WORK TO COMPLETE :: A faithful, word-for-word copy of the data below is required, without pictures.

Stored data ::

#####

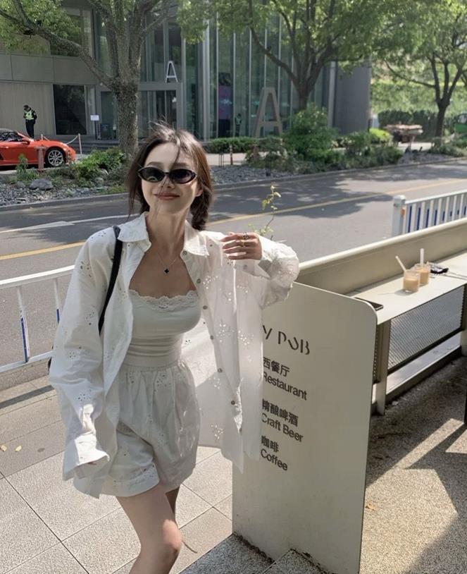 在夏天,誰不喜歡這種好看又慵懶的穿搭呢?整個配色是乾淨的白色,寬鬆的版型襯托下,慵懶範十足。白色寬鬆鉤花鏤空襯衫,下身搭配一條鬆緊腰休閒短褲,韓裏韓氣的一套,微胖、梨形身材的姐妹們也可以輕鬆駕馭。
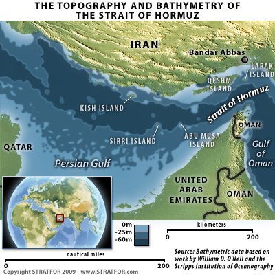 قسمت های پر رنگ در تنگه هرمز و خلیج فارس ، عمیق ترین بخش های این آبها هستند
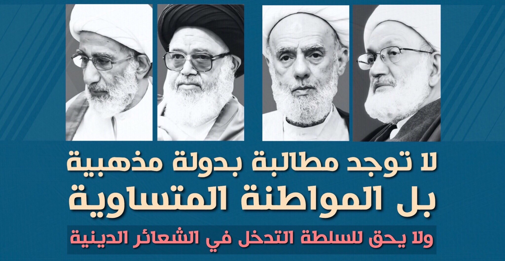 آية الله قاسم و38 عالماً : لا توجد مطالبة بدولة مذهبية بل المواطنة المتساوية، ولا يحق للسلطة التدخل في الشعائر الدينية
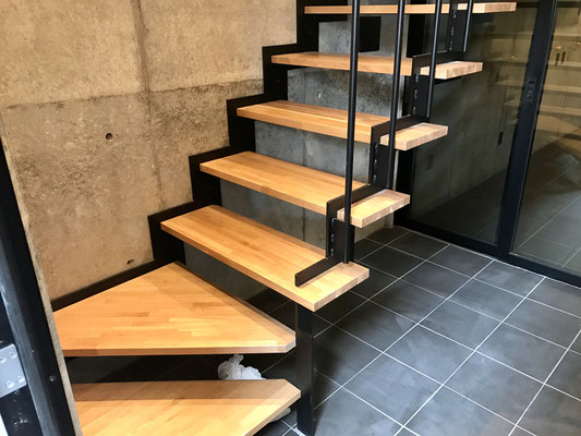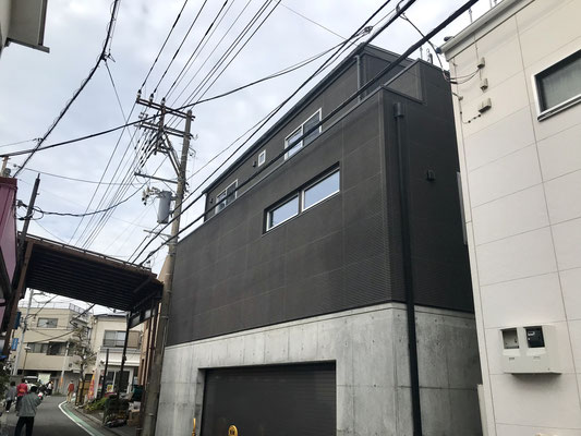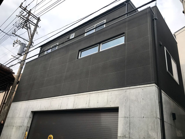2階と3階は黒い外壁で無骨で精悍なイメージ。
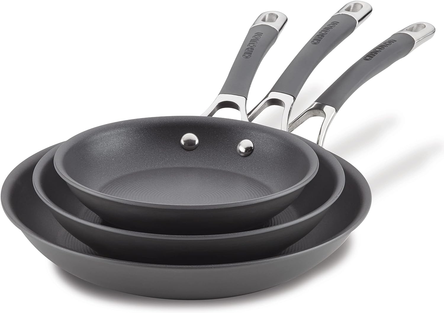 Circulon Radiance Hard Anodized Nonstick Frying / Fry Pan Set / Skillet Set - 8.5 Inch. 10 Inch. and 12.25 Inch . Gray
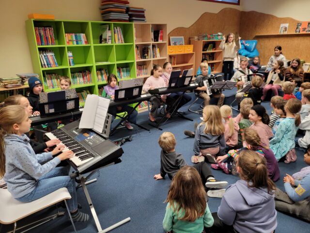 Heute haben die Kinder des Jekits-Orchesters aus dem dritten und vierten Schuljahr unter der Leitung von Frau Lagun den Erstklässlern ein kleines Konzert vorgespielt. Von Akkorderon über Klavier bis hin…
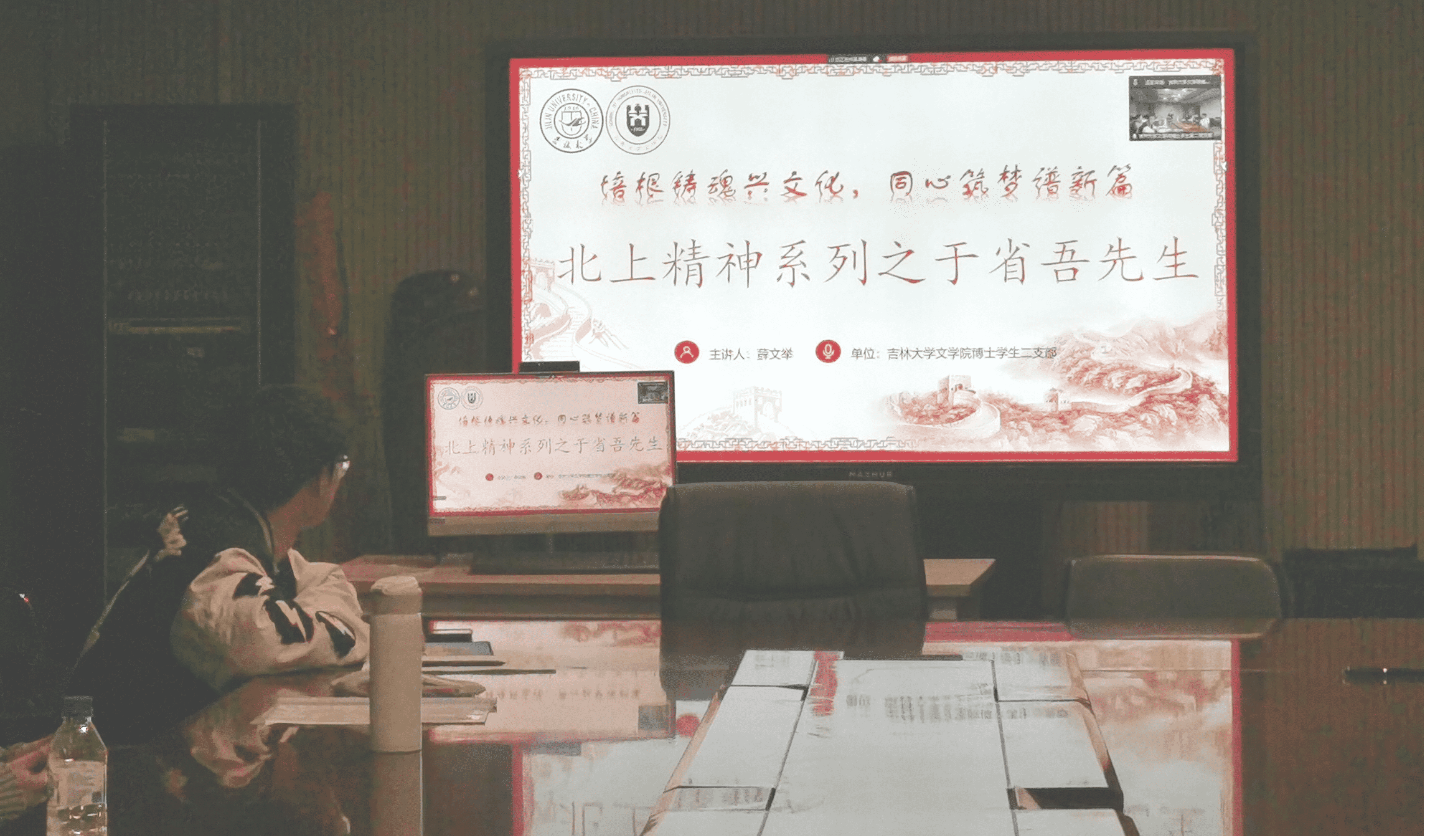 “国之所需,先生所赴;高山仰止,闻雁声声”。我院博士学生第二支部,结合本校特色,以“北上精神”为核心,讲述了于省吾先生变卖家产搜集文物,和匡亚明先生三顾茅庐请于先生的故事。借助榜样的力量,带动党员同志们增强思想自觉,敢于担当,奋发有为,繁荣中国学术,发展中国理论,为实现第二个百年奋斗目标,实现中华民族伟大复兴的中国梦作出贡献。
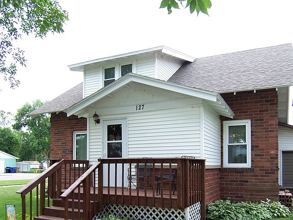 3 bedroom, 2 bath updated 1.5 story home located across from the ball fields and 1 block from school. Large lot with potential to build on west end (app. 83' x 90'). New shingles in 2014 and all new windows in 2009. Many other updates including remodeled kitchen and baths. 2-stall garage with additional golf cart storage.
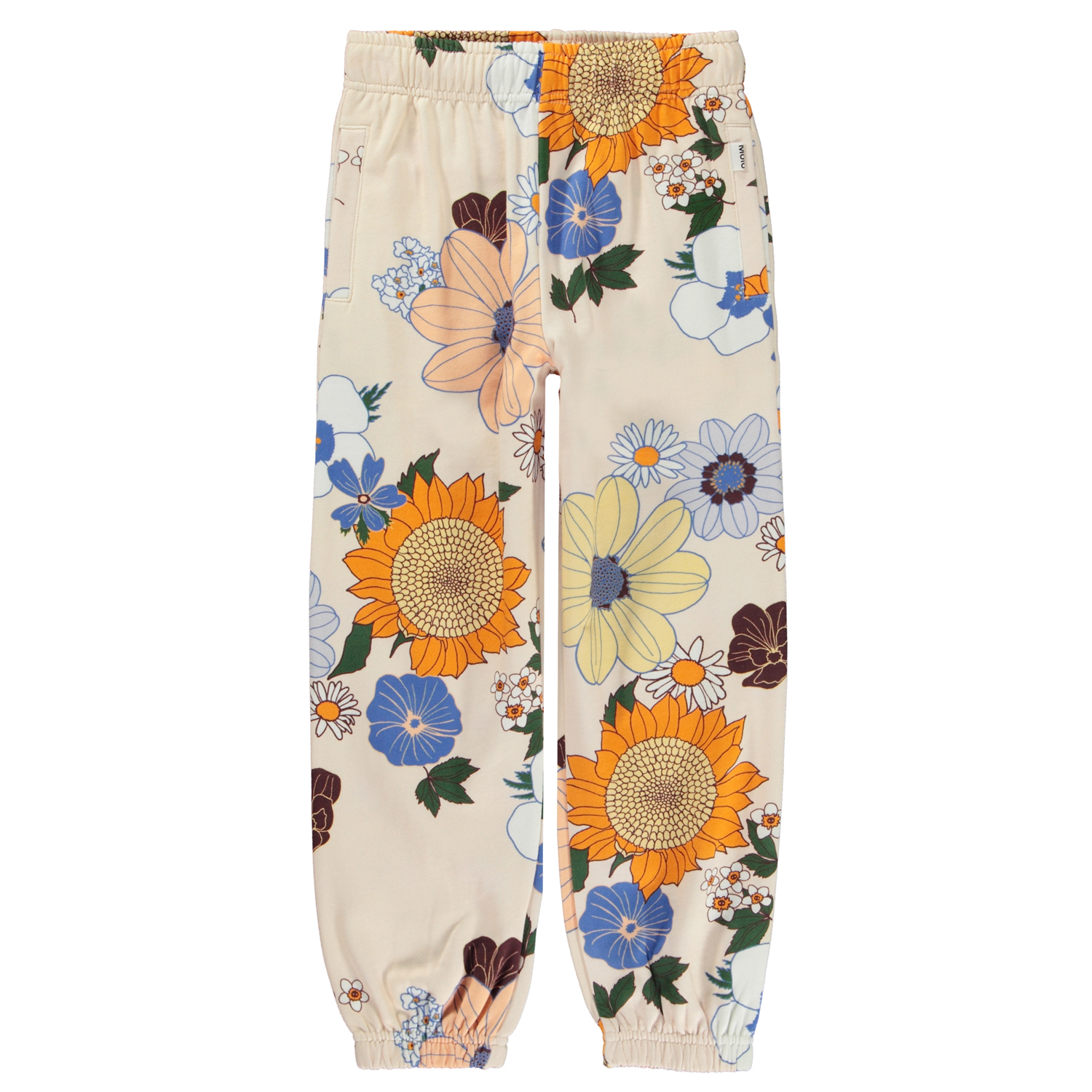 Råhvide sweatpants med allover blomsterprint. Et simpelt grafisk print tegnet i hånden. Printet består af en masse forskellige blomster, som fx solsikker og geoginer, i lyserøde og gule nuancer. Disse sweatpants er fremstillet i 100% bomuld, har elastik og indvendigt bindebånd i taljen, lommer i siden, en baglomme, elastik ved fødderne, samt et regulært fit. Match evt. disse sweatpants med sweatshirten, Maxime, i samme print, for et super cool sæt.

#####

ANSWER SPACE ::
 在夏天,誰不喜歡這種好看又慵懶的穿搭呢?整個配色是乾淨的白色,寬鬆的版型襯托下,慵懶範十足。白色寬鬆鉤花鏤空襯衫,下身搭配一條鬆緊腰休閒短褲,韓裏韓氣的一套,微胖、梨形身材的姐妹們也可以輕鬆駕馭。
 قسمت های پر رنگ در تنگه هرمز و خلیج فارس ، عمیق ترین بخش های این آبها هستند
 آية الله قاسم و38 عالماً : لا توجد مطالبة بدولة مذهبية بل المواطنة المتساوية، ولا يحق للسلطة التدخل في الشعائر الدينية
2階と3階は黒い外壁で無骨で精悍なイメージ。
 Circulon Radiance Hard Anodized Nonstick Frying / Fry Pan Set / Skillet Set - 8.5 Inch. 10 Inch. and 12.25 Inch . Gray
 Heute haben die Kinder des Jekits-Orchesters aus dem dritten und vierten Schuljahr unter der Leitung von Frau Lagun den Erstklässlern ein kleines Konzert vorgespielt. Von Akkorderon über Klavier bis hin…
 “国之所需,先生所赴;高山仰止,闻雁声声”。我院博士学生第二支部,结合本校特色,以“北上精神”为核心,讲述了于省吾先生变卖家产搜集文物,和匡亚明先生三顾茅庐请于先生的故事。借助榜样的力量,带动党员同志们增强思想自觉,敢于担当,奋发有为,繁荣中国学术,发展中国理论,为实现第二个百年奋斗目标,实现中华民族伟大复兴的中国梦作出贡献。
 3 bedroom, 2 bath updated 1.5 story home located across from the ball fields and 1 block from school. Large lot with potential to build on west end (app. 83' x 90'). New shingles in 2014 and all new windows in 2009. Many other updates including remodeled kitchen and baths. 2-stall garage with additional golf cart storage.
 Råhvide sweatpants med allover blomsterprint. Et simpelt grafisk print tegnet i hånden. Printet består af en masse forskellige blomster, som fx solsikker og geoginer, i lyserøde og gule nuancer. Disse sweatpants er fremstillet i 100% bomuld, har elastik og indvendigt bindebånd i taljen, lommer i siden, en baglomme, elastik ved fødderne, samt et regulært fit. Match evt. disse sweatpants med sweatshirten, Maxime, i samme print, for et super cool sæt.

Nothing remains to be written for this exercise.